Twee bijzondere opvattingen uit het midden van de vorige eeuw vragen speciale aandacht. De eerste is onder de staf van de scherpzinnige en indringend te werk gaande Fritz Lehmann. Deze was rond 1950 een ster van formaat in het Duitse muziekleven en DG nodigde hem voor een reeks Bachopnamen uit. Die strandden helaas dra omdat de dirigent (nota bene tijdens een uitvoering van de Mattheus) overleed. In de bewuste opname gaat hij waardig, intens te werk en zorgt voor een indringende karakterisering. Lehmann was in de traditie geworteld, maar vermeed routine en ingesleten effecten. Hij zocht eerder nieuwe betekenis, zoals een metafysisch effect in ‘So ist mein Jesus nun gefangen’ met een magische manipulatie van tempo en articulatie. Hij staat zijn evangelist, weer Helmut Krebs, toe om een heel ontroerende en openhartige interpretatie te geven; hij blijft daarbij in contact met zijn omgeving en is niet zomaar een reporter. Een nog jonge Dietrich Fischer-Dieskau zet een Christus neer met een oprecht timbre en zonder zijn latere declamatorische overdrijvingen.

De andere vertegenwoordiger van de stijl die kort na de oorlog algemeen heerste, is Herbert von Karajan, ook in een levendige, objectieve stijl te werk gaande. Het gaat om een concertregistratie van het Weens symfonie (en niet filharmonisch) orkest met de Singverein ter ere van een Bachfeest in 1950. Het werk klinkt echt onthullend. Afgezien van de diepgewortelde energie en de dramatische cohesie van een jongere Karajan op zijn best gaat het om een zorgvuldig voorbereide en hooglijk gecultiveerde, zij het niet steeds even innemende verklanking. De dirigent mengt het ascetische en bekoorlijke op heel overtuigende en oorspronkelijke manier. Kathleen Ferriers innerlijk gloeiende ‘Buss und Reu’ met twee mild articulerende fluiten en Anton Heillers terughoudende Orgelpositiv is een voorbeeld uit vele. Irmgard Seefried is in de vorm van haar leven en Walther Ludwigs heldere evangelist is heel gevoelig, zij het wat minder ontroerend dan Krebs.
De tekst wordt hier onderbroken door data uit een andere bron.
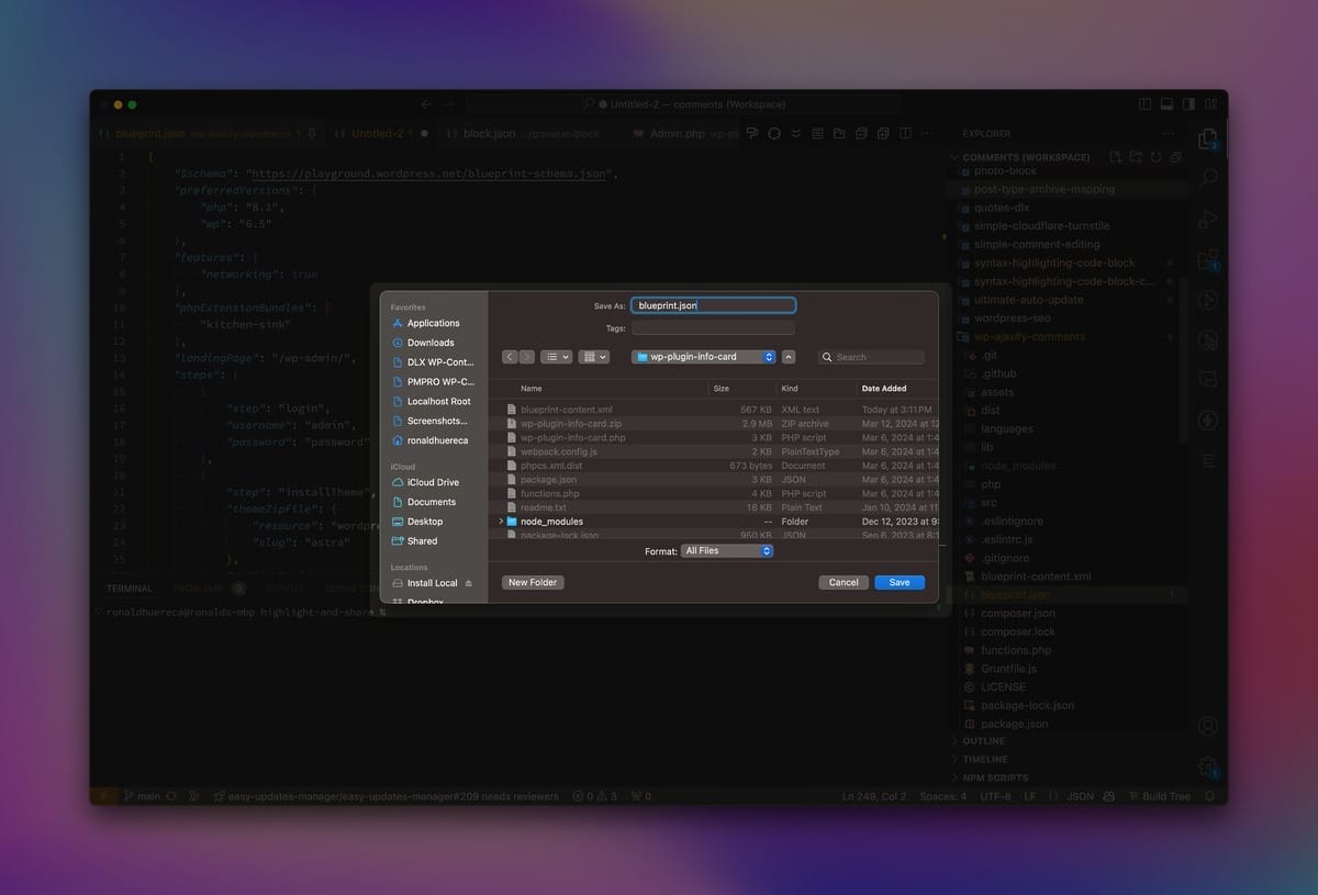 Let’s dive into how to set up a blueprint.json file using my plugin WP Plugin Info Card as an example.

Hermann Scherchens interpretatie uit 1952 is iets minder verhelderend dan die van Lehmann en Karajan, maar bezit wel een ‘quasi historiserend’ karakter op basis van de stuwende tempi en het ontbreken van glamour en egocentrisme. Het werk heeft enorme vaart afgezien van sommige gevoelloze koralen en een merkwaardig somber ‘O Mensch, bewein’. Slechts een paar keer laat Scherchens combinatie van ‘oude school’ en een ‘nieuwe neoklassieke’ aanpak de muziek in de lucht hangen. De evangelist van Hugues Cuénod is onvergetelijk door zijn nasale nabijheid en zijn etherische, bijna plastische voordracht, maar de stem als zodanig is niet ideaal. De massa zingt met buitengewoon gevoel voor een imaginaire choreografie.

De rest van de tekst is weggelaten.